Идее национализма противопоставлялся, с одной стороны, общечеловеческий принцип, утверждая который, Карамзин говорил: «Все народное ничто перед человеческим. Главное дело быть людьми, а не славянами. Что хорошо для людей, то не может быть дурно для русских, и что англичане или немцы изобрели для пользы, выгоды человека, то мое, ибо я человек»{808}. С другой стороны — индивидуалистический, который в изложении такого апологета либерализма, как К. Поппер, звучал следующим образом: «Национализм взывает к нашим племенным инстинктам, к страстям и предрассудкам, к нашему ностальгическому желанию освободить себя от груза индивидуальной ответственности»{809}.
Однако ни одна из Великих Либеральных Демократий никогда не отказывалась от национализма, наоборот провозглашала национализм принципом своего существования. Например, бывший премьер-министр Великобритании М. Тэтчер не теоретик, а практик радикального либерализма отмечала, что именно единство британской нации, было фундаментальной основой процветания Великобритании{810}. На разницу в трактовке самого термина указывал главный обвинитель от США на Нюрнбергском процессе Джексон: фашистская партия «апеллировала к национализму, который, когда это касается нас самих, мы называем патриотизмом, а в отношении наших противников — шовинизмом»{811}.

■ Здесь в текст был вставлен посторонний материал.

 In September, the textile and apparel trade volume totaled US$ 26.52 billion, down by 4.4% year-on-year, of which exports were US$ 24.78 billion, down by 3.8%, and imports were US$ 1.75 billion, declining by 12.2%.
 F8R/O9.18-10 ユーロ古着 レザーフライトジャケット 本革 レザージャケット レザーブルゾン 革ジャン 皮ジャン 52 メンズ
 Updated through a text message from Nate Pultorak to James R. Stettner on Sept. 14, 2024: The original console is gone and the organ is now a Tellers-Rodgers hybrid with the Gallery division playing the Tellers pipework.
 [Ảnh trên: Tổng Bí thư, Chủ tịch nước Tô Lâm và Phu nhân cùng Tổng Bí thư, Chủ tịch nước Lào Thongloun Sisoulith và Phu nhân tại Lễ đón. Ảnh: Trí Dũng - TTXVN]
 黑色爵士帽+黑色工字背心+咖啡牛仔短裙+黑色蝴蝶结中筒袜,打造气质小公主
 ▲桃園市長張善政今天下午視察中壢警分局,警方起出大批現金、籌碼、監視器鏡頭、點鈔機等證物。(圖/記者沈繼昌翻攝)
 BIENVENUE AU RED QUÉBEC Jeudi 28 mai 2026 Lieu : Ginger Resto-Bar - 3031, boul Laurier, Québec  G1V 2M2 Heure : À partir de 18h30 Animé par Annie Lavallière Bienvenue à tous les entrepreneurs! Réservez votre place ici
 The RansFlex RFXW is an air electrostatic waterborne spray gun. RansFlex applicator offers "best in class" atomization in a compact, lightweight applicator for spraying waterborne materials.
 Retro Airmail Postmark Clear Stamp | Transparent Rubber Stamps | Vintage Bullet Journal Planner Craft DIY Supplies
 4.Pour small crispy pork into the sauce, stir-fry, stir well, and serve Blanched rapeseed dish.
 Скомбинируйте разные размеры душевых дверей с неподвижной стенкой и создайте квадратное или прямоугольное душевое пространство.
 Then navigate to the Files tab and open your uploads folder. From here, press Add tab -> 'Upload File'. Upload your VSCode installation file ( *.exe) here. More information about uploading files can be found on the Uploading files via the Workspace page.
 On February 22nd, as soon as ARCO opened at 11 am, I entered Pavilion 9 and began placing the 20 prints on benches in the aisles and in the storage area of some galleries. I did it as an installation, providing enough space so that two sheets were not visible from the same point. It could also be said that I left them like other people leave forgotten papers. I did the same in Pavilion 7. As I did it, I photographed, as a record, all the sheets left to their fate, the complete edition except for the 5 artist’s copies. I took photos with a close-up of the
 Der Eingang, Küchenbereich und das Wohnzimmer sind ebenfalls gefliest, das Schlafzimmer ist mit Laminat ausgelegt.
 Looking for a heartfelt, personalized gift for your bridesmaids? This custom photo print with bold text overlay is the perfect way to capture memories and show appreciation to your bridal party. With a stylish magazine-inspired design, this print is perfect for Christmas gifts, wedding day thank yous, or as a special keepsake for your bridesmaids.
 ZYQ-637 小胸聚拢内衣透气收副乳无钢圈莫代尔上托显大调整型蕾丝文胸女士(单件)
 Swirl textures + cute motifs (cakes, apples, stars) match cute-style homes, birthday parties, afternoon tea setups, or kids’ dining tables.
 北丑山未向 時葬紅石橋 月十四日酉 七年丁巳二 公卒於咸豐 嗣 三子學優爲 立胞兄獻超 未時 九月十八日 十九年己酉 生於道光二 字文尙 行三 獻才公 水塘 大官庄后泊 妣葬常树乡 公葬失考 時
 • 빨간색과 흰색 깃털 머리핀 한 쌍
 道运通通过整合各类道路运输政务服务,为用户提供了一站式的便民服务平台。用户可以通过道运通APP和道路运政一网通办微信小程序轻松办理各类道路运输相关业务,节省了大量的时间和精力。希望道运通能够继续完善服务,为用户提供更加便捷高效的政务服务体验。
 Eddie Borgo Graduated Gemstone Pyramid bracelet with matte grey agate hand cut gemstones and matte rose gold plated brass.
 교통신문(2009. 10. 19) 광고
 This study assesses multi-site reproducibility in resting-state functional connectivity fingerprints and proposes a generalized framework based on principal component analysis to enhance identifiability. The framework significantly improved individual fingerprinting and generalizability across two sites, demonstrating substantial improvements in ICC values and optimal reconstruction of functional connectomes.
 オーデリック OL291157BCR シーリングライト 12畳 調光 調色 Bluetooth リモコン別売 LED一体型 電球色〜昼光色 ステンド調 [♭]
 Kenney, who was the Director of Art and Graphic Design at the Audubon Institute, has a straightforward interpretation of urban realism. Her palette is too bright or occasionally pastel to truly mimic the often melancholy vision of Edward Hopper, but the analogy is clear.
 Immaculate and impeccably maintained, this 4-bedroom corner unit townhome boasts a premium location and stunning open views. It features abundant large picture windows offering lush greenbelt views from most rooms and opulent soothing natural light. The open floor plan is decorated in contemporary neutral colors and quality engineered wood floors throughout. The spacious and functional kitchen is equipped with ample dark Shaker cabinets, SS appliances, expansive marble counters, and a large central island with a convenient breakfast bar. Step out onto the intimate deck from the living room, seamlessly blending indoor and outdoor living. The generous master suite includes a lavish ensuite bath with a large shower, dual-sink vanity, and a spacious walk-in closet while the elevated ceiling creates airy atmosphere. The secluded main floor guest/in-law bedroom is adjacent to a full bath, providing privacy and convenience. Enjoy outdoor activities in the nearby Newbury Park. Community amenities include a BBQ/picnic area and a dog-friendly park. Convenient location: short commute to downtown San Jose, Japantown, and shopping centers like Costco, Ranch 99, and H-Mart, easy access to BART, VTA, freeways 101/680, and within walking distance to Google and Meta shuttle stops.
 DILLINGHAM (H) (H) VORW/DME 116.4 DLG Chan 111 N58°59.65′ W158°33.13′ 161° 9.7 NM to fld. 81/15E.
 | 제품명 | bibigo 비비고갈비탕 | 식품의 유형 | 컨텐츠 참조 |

Прогрессивную сущность национализма раскрывал Дж. М. Кейнс указывавший, что «общество живет не для мелких повседневных удовольствий, а для процветания и будущего своей нации, т.е. для обеспечения прогресса»{812}. Тем же самым обеспечивается фундаментальное для капитализма наследственное право, когда родители создают капитал ради процветания своих потомков. Разрушение национальных, культурных границ неизбежно вело к отрыву от исторических корней и размыванию понимания того ради чего живет данное общество и сам человек. С экономической точки зрения национализм обеспечивал метрополии достаточную концентрацию капитала необходимого для развития, что наряду с обостренной конкуренцией национальных государств Европы обеспечило их более быстрый прогресс (по сравнению, например, с огромным единым Китаем, находящимся в сходных природно-климатических условиях)[83].
Однако далеко не все народы по географическим, климатическим и прочим причинам могут создать самостоятельные полноценные цивилизации, т.е. обеспечить внесение своего вклада в развитие человечества[84]. Если же национальным элитам этих народов все же удается добиться «независимости», то зачастую это достигается за счет снижения экономического и политического потенциала, и ослабления цивилизационных государств. Ц. Михальский демонстрировал эту зависимость на примере своей страны: «Польша меньше Франции, Германии, не говоря уже о Китае или России. Полякам не обязательно быть народом историческим, так пусть они тогда будут, по крайней мере, европейским народом, а не только европейским паразитом»{813}.
И это Польша — являющаяся относительно крупным и развитым государством, что же говорить о мелких националистичных псевдогосударствах экономически несамодостаточных и нежизнеспособных, которых к тому же «комплекс национальной неполноценности» делает крайне агрессивными. Они становятся заложниками ситуации и вынуждены строить стратегию своего выживания на противоречиях Великих Держав. Тем самым они нередко сеют зерна войны, толкая мир к пропасти. Одновременно слабость подобных псевдогосударств создает некий цивилизационный вакуум, вакуум силы, который более мощные державы притягивает даже помимо их воли[85]. Природа не терпит пустоты. «Великие нации быстро поглощают заброшенные места… Это движение, которое обеспечивает развитие цивилизации и прогресс расы…» — утверждал в этой связи один из идеологов американского империализма А. Мэхэн{814}.